It may be too good to be true but it actually is and the single downside of it is that it doesnt come with a quick release mechanism for the hoses like jbl or eheim and can be a little wet when you clean it. For this reason i adapted the eheim prefilter and for the next 6 months ill forget about cleaning the canister.

 I know there are people like me that are looking for a big canister on a budget and i think this filter rivals with eheim easily. I am not saying its better because i have not tested it long term but from what i can see its damn solid. 

  I must say that based on price/quality/filtration volume/power consumption, this filter is perfect for my needs.


----------



## Vlado (13 Mar 2018)

Hi could you please explain how you adapt the Eheim prefilter to Hydor intake? I'm looking for a big filter and came across this model, but would like to keep my eheim prefilter and not shure could it be used 

Also, after a year, could you share some experience with the filter. 

Thank you.


----------



## Goose157 (13 Mar 2018)

Sounds good I will have a look as I am in the market for a decet canister thanks


----------



## Millns84 (13 Mar 2018)

I've never considered Hydor, but they do look like decent canisters.

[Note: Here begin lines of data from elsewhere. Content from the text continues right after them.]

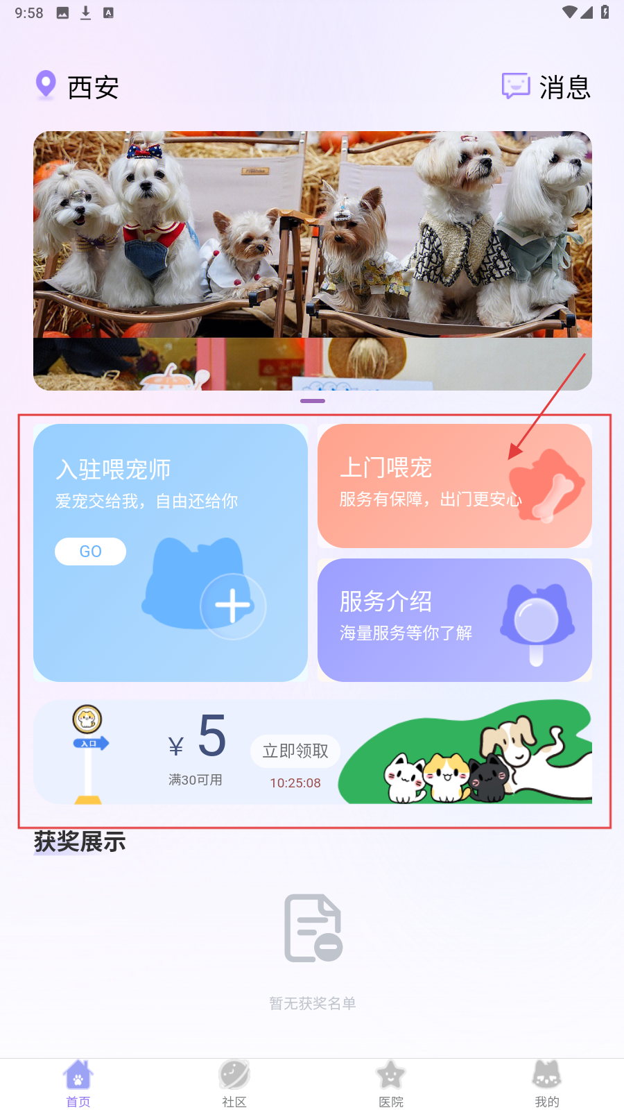 1、打开应用,在【首页】点击【上门喂宠】功能按钮。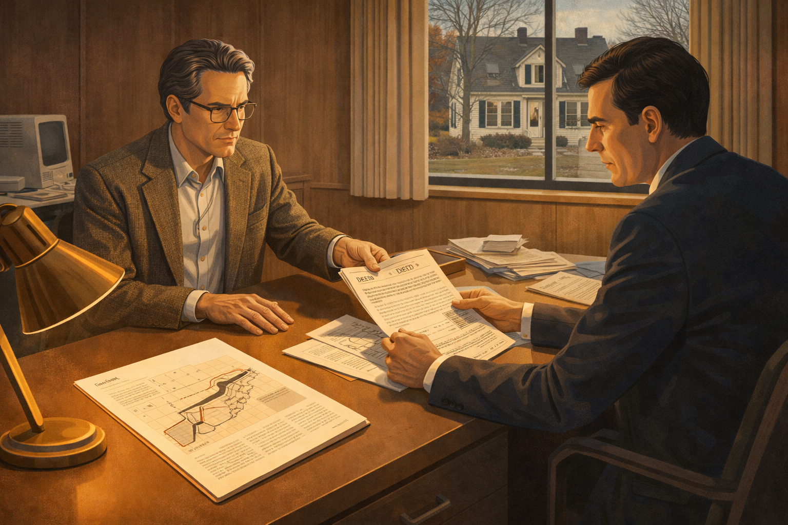 Image 5 Please generate a 16:9 image in clean modernist illustration style depicting Panel 5. The scene shows a tense moment in a bank office in Connecticut, early 1983. Edward Tufte, in his early 40s with silver-streaked hair and wearing a tweed jacket, sits across a desk from a bank loan officer in a suit. Tufte is sliding house deed documents across the desk. The loan officer looks skeptical, reviewing the documents with raised eyebrows. Through the bank's window, a modest but charming New England home is visible — the house being mortgaged. On the desk between them sits a beautifully typeset manuscript page showing an elegant data visualization. The bank interior has early-1980s decor — wood paneling, a brass desk lamp, a computer terminal in the corner. Color palette: institutional browns and tans, with the manuscript page glowing cream-white as the brightest element in the frame. Emotional tone: high-stakes courage and quiet resolve in the face of doubt.What Tufte did next stunned everyone who knew him. He took out a second mortgage on his home — borrowing roughly $180,000 — to self-publish the book himself. Friends and colleagues thought he was reckless. But Tufte understood something they didn't: the medium was the message. A book arguing for visual excellence had to be visually excellent. He hired the finest typographers, chose premium paper stock, and oversaw every detail of production personally. It was the biggest gamble of his life.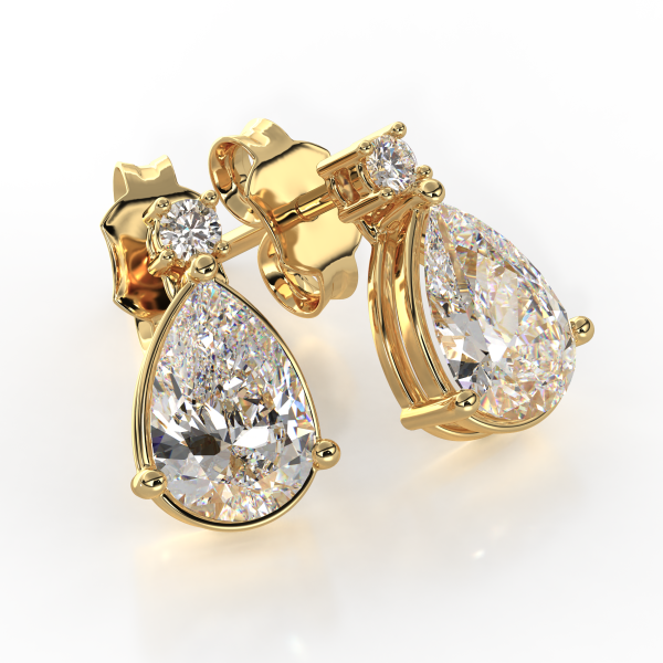 18kt gold earrings (750/1000), featuring central Natural Pear-Cut Diamonds certified GIA (0.50CT each) in Color D, Clarity VVS1, totalling 1.00CT. Surrounded by Natural Diamonds in Color DEF, Clarity VVS, totalling 0.10CT. Total weight approximately 6GR. Personalized home delivery.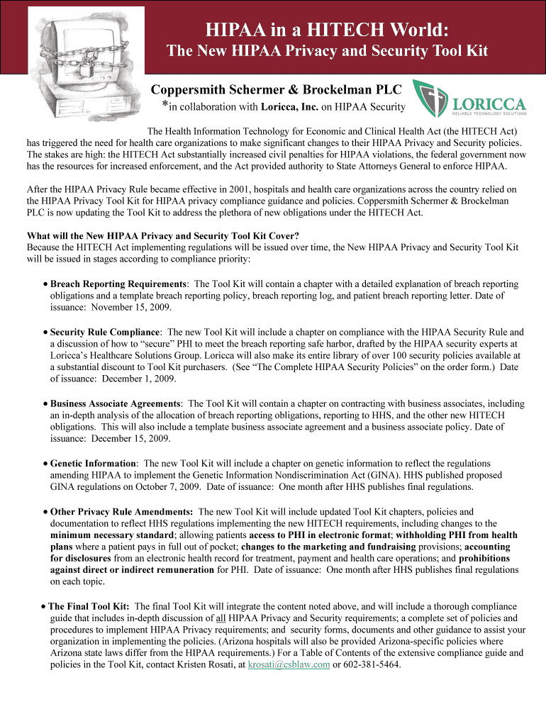 HIPAA in a HITCH World: The New HIPAA Privacy and Security Tool Kit Coppersmith Schemer & Brockman PLC *in collaboration with LOLICA, Inc. on HIPAA Security The Health Information Technology for Economic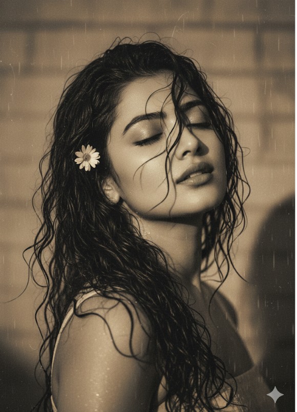 “Create a retro vintage rainy, grainy but white image of the reference picture. It must feel like a 90s curly wet hair baddie with a small flower tucked visible into her curls and romanticizing windy and rainy environment. The girl is standing with eyes closed and a sassy look, creating a mysterious and artistic atmosphere where the lighting is warm with golden tones, evoking a sunset. The background is minimalist and slightly textured. The expression on her face is moody, calm, yet happy and introspective.”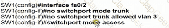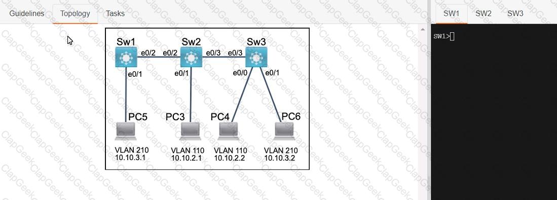 Three switches must be configured for Layer 2 connectivity. The company requires only the designated VLANs to be configured on their respective switches and permitted accross any links between switches for security purposes. Do not modify or delete VTP configurations.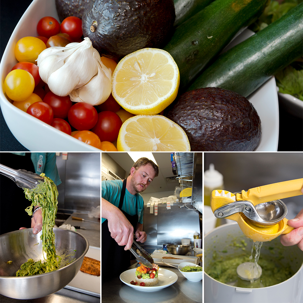 Over the summer, they worked up a simple dinner recipe that does not require a lot of prep time, and, depending on the preparation, can be super healthy. Mays used zoodles (zucchini noodles), but you can use pasta, too. The most important component is probably the avocado pesto, a sauce that he said is a great one to keep in your “culinary bag of tricks.”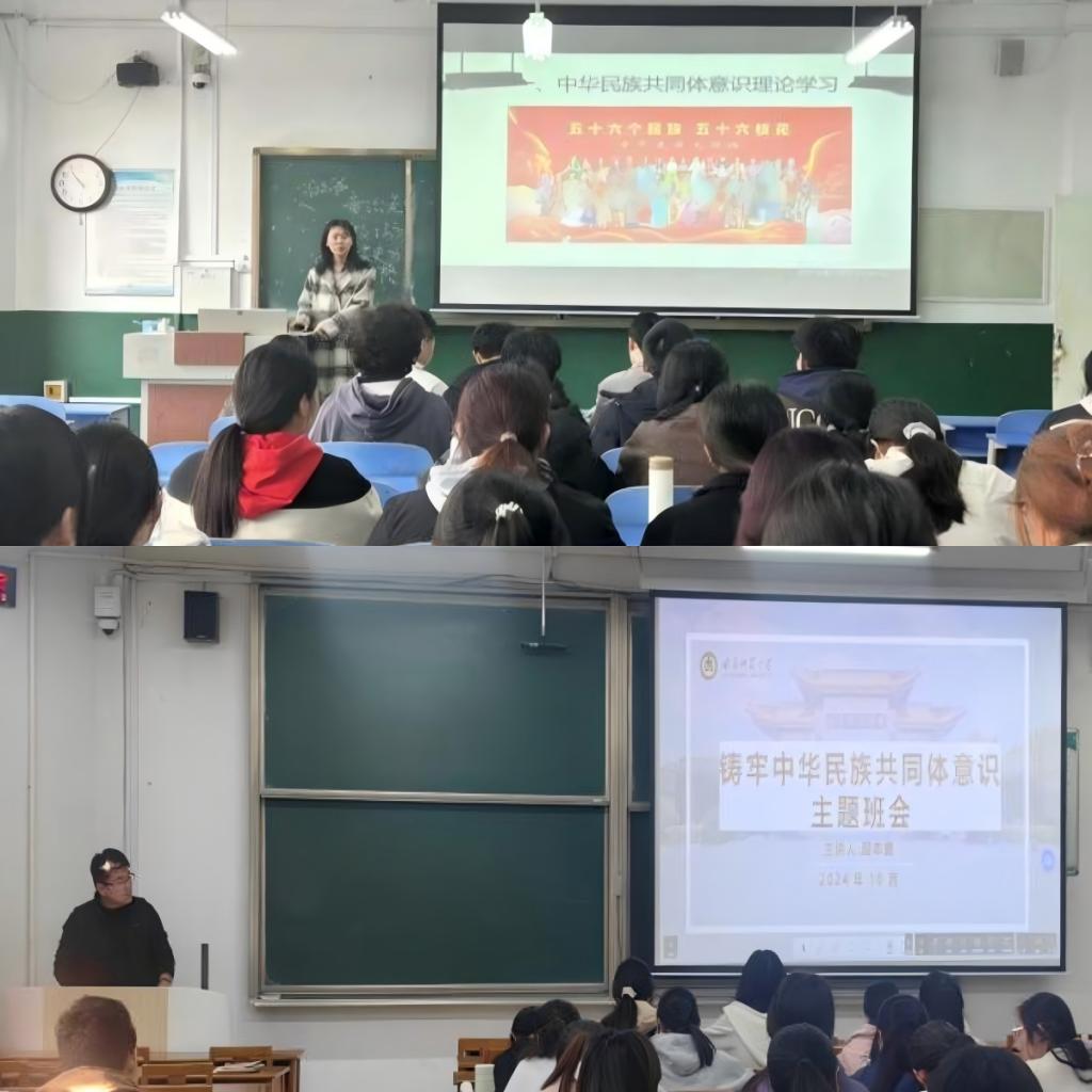 为深入贯彻习近平总书记关于铸牢中华民族共同体意识的重要论述,深化学生对中华民族多元一体格局的理解,增强民族凝聚力和向心力,抽奖轮盘 2023级本科生于10月28日至11月1日组织各班级开展了以“铸牢中华民族共同体意识”为主题的班会活动。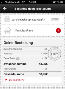- die Fab App (Android / iPhone) runterladen und darüber einkaufen. Nur am 25.12. gibt es 10 Bonus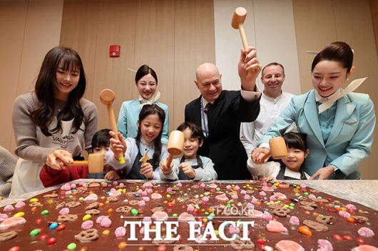 [더팩트ㅣ인천국제공항=남윤호 기자] 13일 인천국제공항 제2여객터미널 리뉴얼을 마친 대한항공 프레스티지 동편 좌측 라운지에서 데이비드 페이시 부사장(가운데)을 비롯한 관계자가 쿠킹 스튜디오 라이브러리에서 초콜릿을 부수고 있다.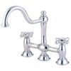 This faucet consists of stylish, immaculate body work and a traditional look compliant to those who desire the classic style design. The faucet has a double handle deck mount setup and features an Widespread platform. The body is fabricated from solid brass for durability and long-lasting use. The color finish is made of polished chrome for that reflective shine, as well as resisting scratches, corrosion and tarnishing. The spout rotates 360 degrees for accessibility and convenience. The handle acts as a 1/4-turn on/off water control mechanism for easy management of water volume and temperature. The faucet operates with a ceramic disc valve for droplet-free functionality with the water measured 2.2 GPM (8.3 LPM) and a 60 PSI maximum rate. An integrated removable aerator is inserted beneath the spout’s head piece for conserving water flow. A 10-year limited warranty is provided to the original consumer.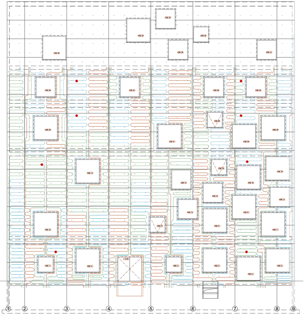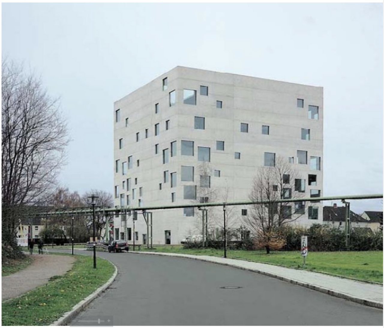 이 건축물은 주변에 지어진 콘크리트 건물치고 외벽 두께가 얇습니다. 정확히 말하면 약 30센치미터인데, 언뜻 들으면 뭐 종잇장처럼 얇지도 않은데 뭐가 얇냐고 되물을 수도 있겠습니다. 하지만 5층짜리 건물에다 연평균 기온이 10도가 되지않는 추운날씨를 고려하면 벽이 꽤 두툼해야 합니다. 독일같은 나라는 특히 환경 친화적 에너지 사용을 위한 단열성 등등에 대한 제한사항이 많습니다. 그 모든 요건을 충족시키려면 50센치에 육박하는 콘크리트 벽이 필요했다고 합니다. 하지만 지어진 건물의 벽 두께는 그 절반가량인 30센치에 불과한데, 이게 지하 온수 덕분에 가능했습니다.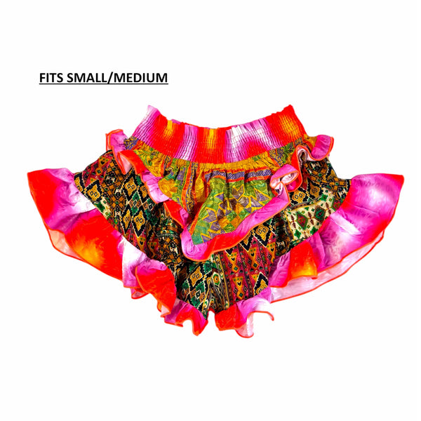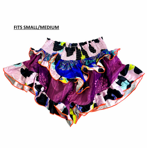Multi-panel shorts with broad shirred waistband. V-shaped frilled overlay, front and back, and leg frills.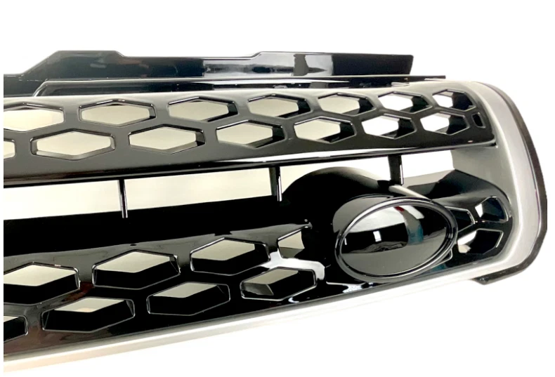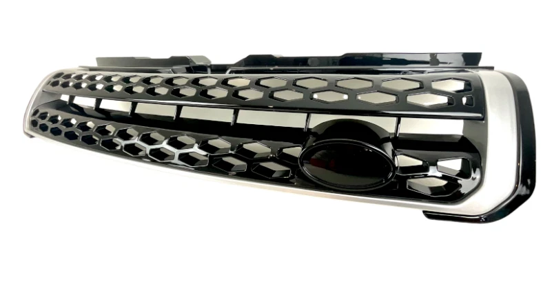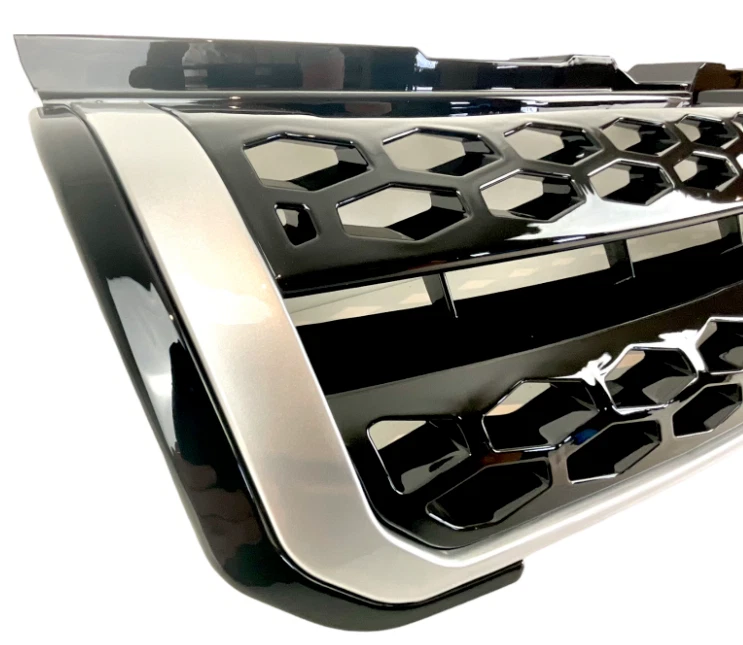Brand New Pure / Prestige Front Grille Finished in Gloss Black With Silver trim Fits: All Evoques made between these years: 2011-18 This high quality easy fit stylish upgrade, made from tough ABS plastic includes: 1 x Pure Style Front Grille This Grille gives your Range Rover an upgraded Look! Simple to change requiring no tools, just release 3 spring clips and gently pull. These grilles are made from tough durable ABS plastic. These grilles DO NOT come with badges, they have to be purchased separately or use the existing badge from your old grille. This is NOT a genuine Land Rover Product, however it is made of high quality toughened ABS plastic, the same as the original. Other colour combinations are available, please see our other listings on ebay. Trade enquiries welcome. Disclaimer: Autostyle Performance Ltd do not claim that the products we supply are of Original Equipment Manufacturer (OEM) origin other than when specifically stated. Our parts are compatible pattern parts for spares. Any reference to vehicle manufacturers and models is for identification of suitability only.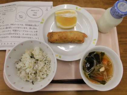 今日の給食は、菜めし、牛乳、春巻き、わかめスープ、宇和ゴールドです。
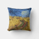 Een kunstkussen met het olieverfschilderij, Tarweveld met kraaien (1890), van Vincent van Gogh (1853-1890). Een schilderachtig pad dat door goudtarwevelden loopt onder een uitgestrekte en levendige blauwe lucht, terwijl een betoverende kraaienkudde in de lucht danst. De mix van rijke, aardse tinten en levendige blauwe tinten creëer is een visueel opvallende en emotioneel tot de verbeelding sprekende compositie. Hij beschreef zijn laatste schilderij, hoewel historici hierover van mening verschillen.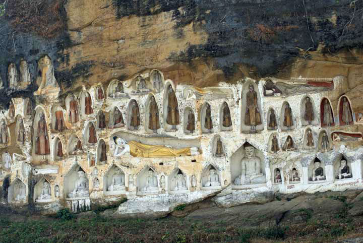 Akauk Taung, in den Felsen gehauene Buddhafiguren.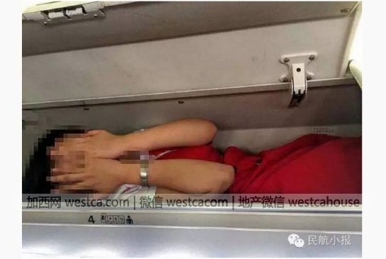 最近網上流傳著壹張超火的照片,中國南方航空的壹名妙齡空姐雙手捂臉,整個身體躺在飛機艙裡乘客座位上方寄放隨身行李的艙格裡。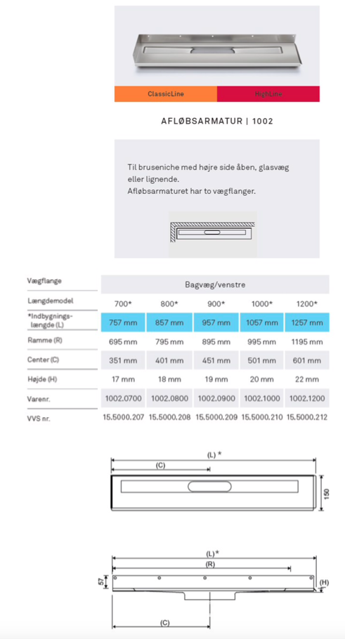 1002 Niche afløb til placering mod bagvæg og venstre sidevæg - højre side åben/glas 1000 mm.

I've used the JBL e1501 extensively but found that you can get huge bypass issues occasionally (i.e.the entire bottom tray getting no flow!) which is disappointing and so far unexplained!

Slightly unrelated, but I managed to get a Hagen Marina CF80 for £49.00 last week, not bad given the list price of £130.00. Obviously too soon to tell how good it is but it holds a lot of media, is completely silent (even compared to my JBL) and only uses 13w for a flow of over 1300lph. I'm really quite pleased so far.


----------



## ian_m (13 Mar 2018)

Millns84 said:


> I've used the JBL e1501 extensively but found that you can get huge bypass issues occasionally (i.e.the entire bottom tray getting no flow!) which is disappointing and so far unexplained!


oooh. How do you know the bottom tray (and only bottom tray ?) is being bypassed ? Thought that if all trays are plugged together, there is no way the way the water can get around any of the trays. My trays all get equally dirty.


----------



## Millns84 (13 Mar 2018)

ian_m said:


> oooh. How do you know the bottom tray (and only bottom tray ?) is being bypassed ? Thought that if all trays are plugged together, there is no way the way the water can get around any of the trays. My trays all get equally dirty.



Well that's what's supposed to happen, but I've opened it up after a month and found that the sponges in the bottom tray were completely clean whereas those in the second tray were filthy.

Really annoying as it only does it occasionally and I can't figure out what I'm doing differently.


----------



## Vlado (13 Mar 2018)

One more question from me to the owner, how you find that the volume for the filter media is 6.7 real liters? In the manual only 12.2 liters are stated as internal volume which is pure volume in empty Hydor 600.
Eheim and some other manufacturers state the two volumes but Hydor not  
I have two Eheim filters Pro 250T and 600, and searching for replacement for 250T as I need more room for bio filtration. I consider another Pro 600, but if Hydor has more room with smaller footprint, and cheaper could try it.


----------



## ian_m (13 Mar 2018)

Millns84 said:


> Really annoying as it only does it occasionally and I can't figure out what I'm doing differently.


You shouldn't put the sponges in the bottom tray, that is for the ceramics.






Mine is the e1501 that has three trays of ceramics, rings in bottom and balls in other two. I have only 1/2 filled all the trays in order to keep the flow rate up. Tank water if perfectly clear.


----------



## Millns84 (13 Mar 2018)

ian_m said:


> You shouldn't put the sponges in the bottom tray, that is for the ceramics.
> 
> View attachment 113971
> 
> Mine is the e1501 that has three trays of ceramics, rings in bottom and balls in other two. I have only 1/2 filled all the trays in order to keep the flow rate up. Tank water if perfectly clear.



I did see that when I first got the filter but always thought it was better for all the mechanical filtration to take place before the water hits bio media?


----------